Universal Design

What is Univeral Design?

  • Universal design originates in barrier-free design and architectural accessibility. According to the Center for Universal Design, “Universal design is the design of products and environments to be usable by all people, to the greatest extent possible, without the need for adaptation or specialized design.”

  • Ron Mace of North Carolina State University Center for Universal Design stated "The design of instruction of products and environments to be usable by all students, to the greatest extent possible, without the need for adaptation or specialized design."

What is an example of Univeral Design?

  • Universal design (close relation to inclusive design) refers to broad-spectrum ideas meant to produce buildings, products and environments that are inherently accessible to older people, people without disabilities, and people with disabilities.

What is Univeral Design for Learning?

(National Center on Universal Design for Learning)

  • Universal Design for Learning is a set of principles for curriculum development that give all individuals equal opportunities to learn.

  • UDL provides a blueprint for creating instructional goals, methods, materials, and assessments that work for everyone--not a single, one-size-fits-all solution but rather flexible approaches that can be customized and adjusted for individual needs.

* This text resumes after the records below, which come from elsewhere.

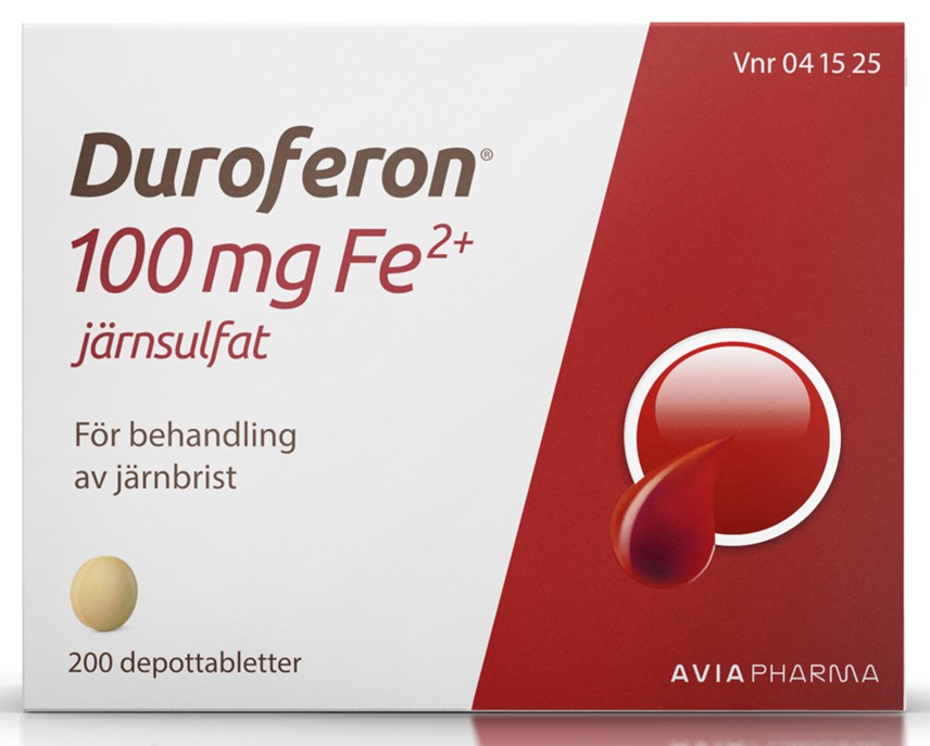 Duroferon innehåller järn som utlöses i jämn takt under lång tid vilket gör att kroppen lättare kan tillgodogöra sig det.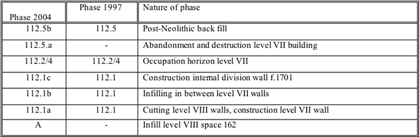 In the 1997 season the southern 2/3 of Space 112 was excavated by the current project. A preliminary report is available in the 1997 Archive Report (Farid 1997), and a final publication will soon appear in print (Farid in press). The reader is referred to these sources for extensive treatment, but for the present purposes a short summary of the post excavation sequence of Space 112 will be given. In total five stratigraphical phase were distinguished in this area. In 112.1, the first phase, the outer walls were constructed (west F.267, south F.286, east F.259). Further a packing was deposited between the walls (units 2776/2735/2716/2305) and some activity related deposits were found (units 2096/2079/2086). 112.2, the next phase, represents an occupation horizon, with floors, a platform (F.86), burials (F.83, F.84, F.89, F.251, F.258, F.274, F.277, (2017), totalling 11 individuals), and a hearth (F.96) in the southwest of the room. Phase 112.3 represent a renovation of the space, during which a support wall was placed in front of the southern part of the east wall (F.253) and in front of the south wall (F.85). Also during this phase the two southern posts were removed (post retrieval pit F.275 in the west and post retrieval pit F.276 in the east), but it is possible that the posts were reinserted after the support walls had been constructed (Farid in press). Subsequent phase 112.4 represents another occupation phase with a number of flaky floors and occupation lenses (units 2035/ 2046/1882/2802/2781), dipping down along the east and west walls. Finally, phase 112.5 represents the post Neolithic back fill deposits of the 1960s excavations.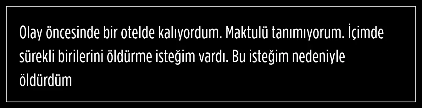 Ankara'da sokak ortasında tanımadığı bir kişiyi öldüren sanık, ''Öldürme isteğim vardı öldürdüm. Çocukluktan beri hapiste yattım. Dışarıya alışamadım'' dedi.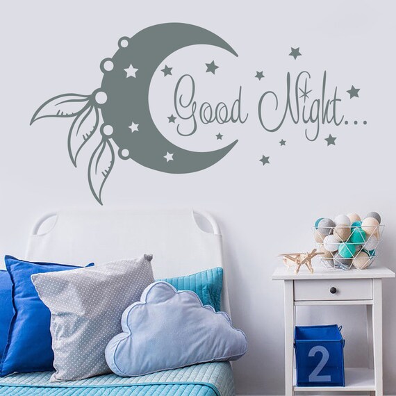 Quote Wall Decal Good Night Wall Sticker Moon And Stars Etsy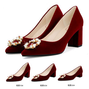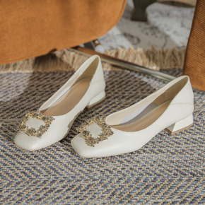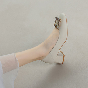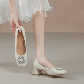 方跟单鞋女中跟2021夏新款水钻网红四季真皮女鞋方...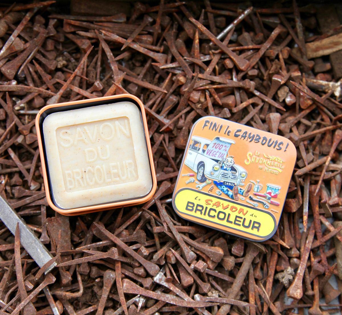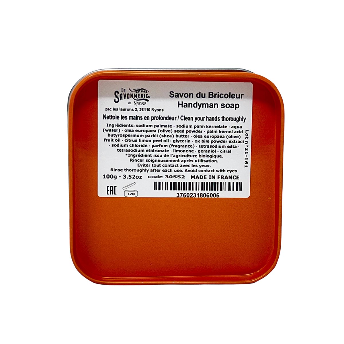 Erleben Sie die Kombination aus robuster Reinigung und natürlicher Pflege mit der La Savonnerie De Nyons Handwerker Seife in der praktischen Metalldose. Ideal für alle, die Wert auf saubere Hände nach handwerklichen Projekten legen.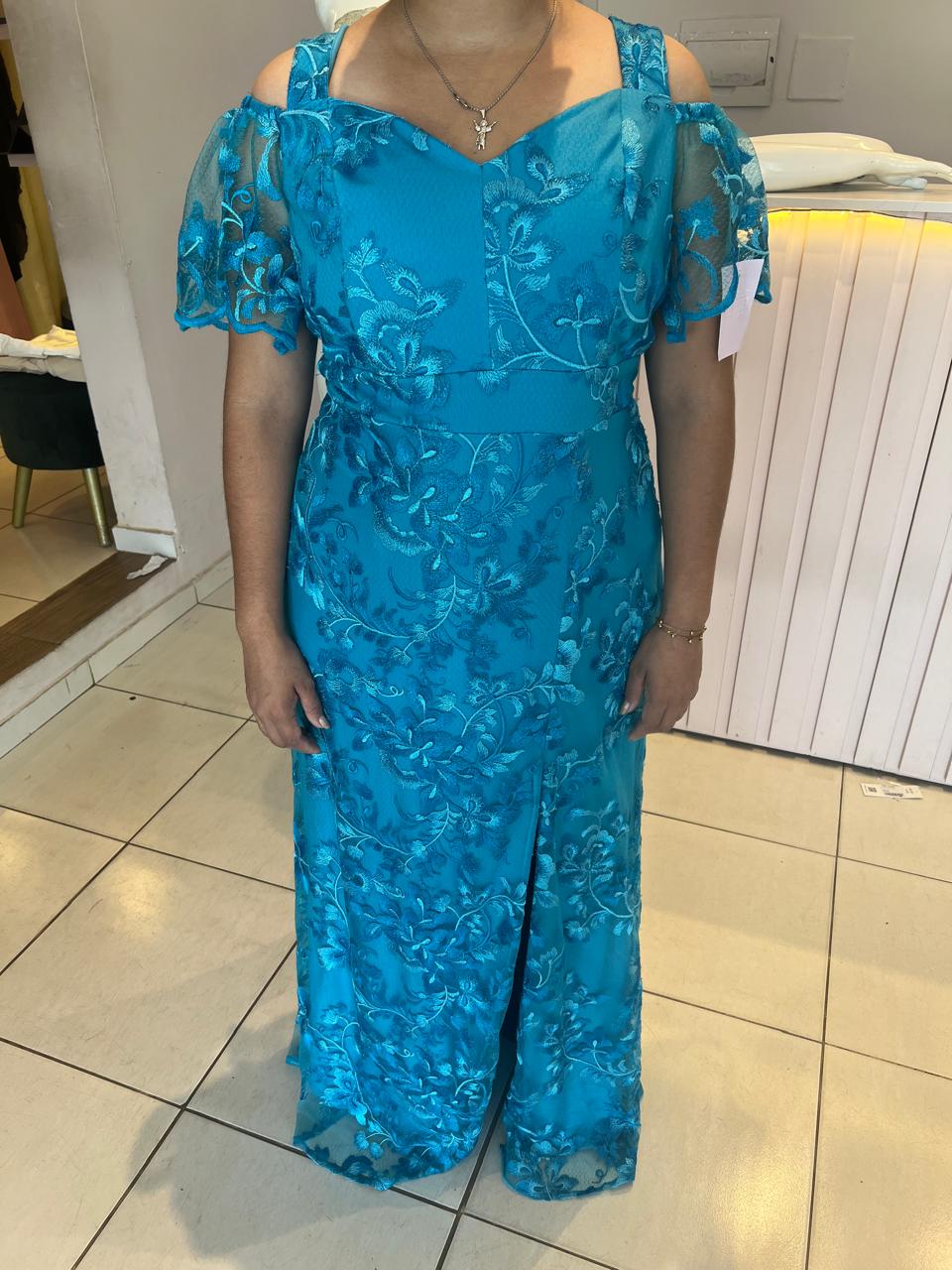 VESTIDO TURQUESA ENCAJE TALLE XG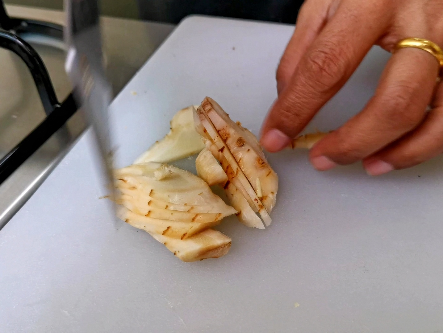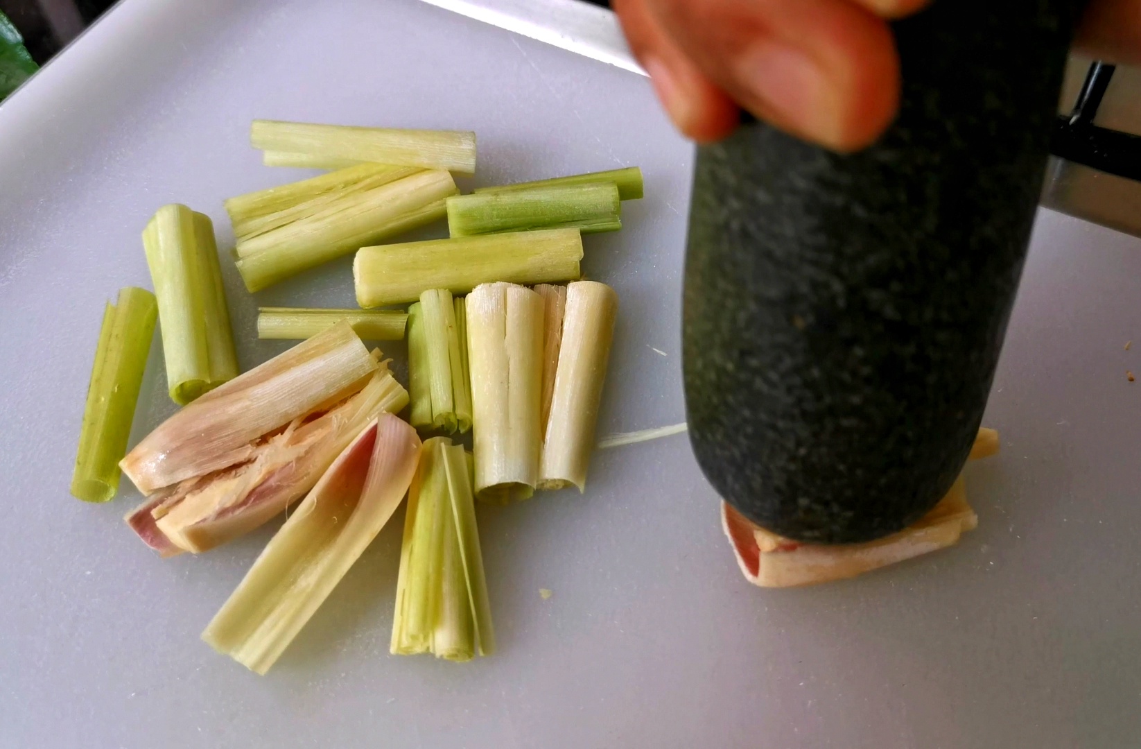 - นำ ตะไคร้, ข่า, หอมแดง มาหั่นและทุบ และใส่ลงไปในหม้อ

What are Universally Designed Products?

(University of Washington)

  • They are products that  accommodate individual preferences and abilities; communicate necessary information effectively (regardless of ambient conditions or the user's sensory abilities); and can be approached, reached, manipulated, and used regardless of the individual's body size, posture, or mobility. Application of universal design principles minimizes the need for assistive technology, results in products compatible with assistive technology, and makes products more usable by everyone, not just people with disabilities.

Why use Universal Design in Instruction?

(Harvard, The Importance of Universal Design for Learning)

  1. Multiple means of representation- Gives learners various ways of acquiring knowledge
  2. Multiple means of expression- alternatives for demonstrating what they know
  3. Multiple means of engagement - taps into learners’ interests, increases motivation, offers appropriate challenges

Principles of Universal Design

(University at Buffalo, Principles of Universal Design)

  1. Equitable use
  2. Flexibility in use
  3. Simple & Intuitive
  4. Perceptible Information
  5. Tolerance for Error
  6. Low Physical Effort
  7. Size and space for Approach and use

Getting Started

8 Examples of instruction that employ principles of UD  

(Washington University, Center for Universal Design in Education)

  1. Class climate. Adopt practices that reflect high values with respect to both diversity and inclusiveness. Example: Put a statement on your syllabus inviting students to meet with you to discuss disability-related accommodations and other special learning needs.

  2. Interaction. Encourage regular and effective interactions between students and the instructor and ensure that communication methods are accessible to all participants. Example: Assign group work for which learners must support each other and that places a high value on different skills and roles.

  3. Physical environments and products. Ensure that facilities, activities, materials, and equipment are physically accessible to and usable by all students, and that all potential student characteristics are addressed in safety considerations. Example: Develop safety procedures for all students, including those who are blind, deaf, or wheelchair users.

  4. Delivery methods. Use multiple, accessible instructional methods that are accessible to all learners. Example: Use multiple modes to deliver content; when possible allow students to choose from multiple options for learning; and motivate and engage students-consider lectures, collaborative learning options, hands-on activities, Internet-based communications, educational software, field work, and so forth.

  5. Information resources and technology. Ensure that course materials, notes, and other information resources are engaging, flexible, and accessible for all students. Example: Choose printed materials and prepare a syllabus early to allow students the option of beginning to read materials and work on assignments before the course begins. Allow adequate time to arrange for alternate formats, such as books in audio format.

  6. Feedback. Provide specific feedback on a regular basis. Example: Allow students to turn in parts of large projects for feedback before the final project is due.

  7. Assessment. Regularly assess student progress using multiple accessible methods and tools, and adjust instruction accordingly. Example: Assess group and cooperative performance, as well as individual achievement.

  8. Accommodation. Plan for accommodations for students whose needs are not met by the instructional design. Example: Know campus protocols for getting materials in alternate formats, rescheduling classroom locations, and arranging for other accommodations for students with disabilities.